* **SOURCE MATERIAL**:

- - -

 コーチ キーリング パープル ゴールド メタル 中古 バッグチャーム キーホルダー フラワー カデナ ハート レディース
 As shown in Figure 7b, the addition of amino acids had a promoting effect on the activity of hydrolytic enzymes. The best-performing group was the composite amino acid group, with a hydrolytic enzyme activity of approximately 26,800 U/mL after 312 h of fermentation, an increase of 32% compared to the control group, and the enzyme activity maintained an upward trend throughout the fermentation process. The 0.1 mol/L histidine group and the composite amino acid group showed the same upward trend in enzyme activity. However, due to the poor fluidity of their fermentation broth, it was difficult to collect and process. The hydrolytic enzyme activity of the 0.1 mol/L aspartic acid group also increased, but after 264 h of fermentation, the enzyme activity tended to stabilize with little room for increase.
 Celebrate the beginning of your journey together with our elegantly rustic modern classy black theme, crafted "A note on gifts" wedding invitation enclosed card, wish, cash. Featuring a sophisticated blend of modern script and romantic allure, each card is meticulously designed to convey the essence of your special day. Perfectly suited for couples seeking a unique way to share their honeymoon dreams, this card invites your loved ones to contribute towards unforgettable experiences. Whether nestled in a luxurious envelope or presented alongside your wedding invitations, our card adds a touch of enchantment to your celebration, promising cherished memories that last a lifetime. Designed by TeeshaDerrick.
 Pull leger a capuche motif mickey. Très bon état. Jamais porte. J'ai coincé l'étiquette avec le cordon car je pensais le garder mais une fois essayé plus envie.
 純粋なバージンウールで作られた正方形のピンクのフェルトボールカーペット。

- - -

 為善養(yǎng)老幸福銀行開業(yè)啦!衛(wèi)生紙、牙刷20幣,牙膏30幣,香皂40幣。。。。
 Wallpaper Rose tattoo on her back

- - -

Look for the word "their" in the records above, count the lines that hold it, and give only that number.

* **FINISHED TASK**:
2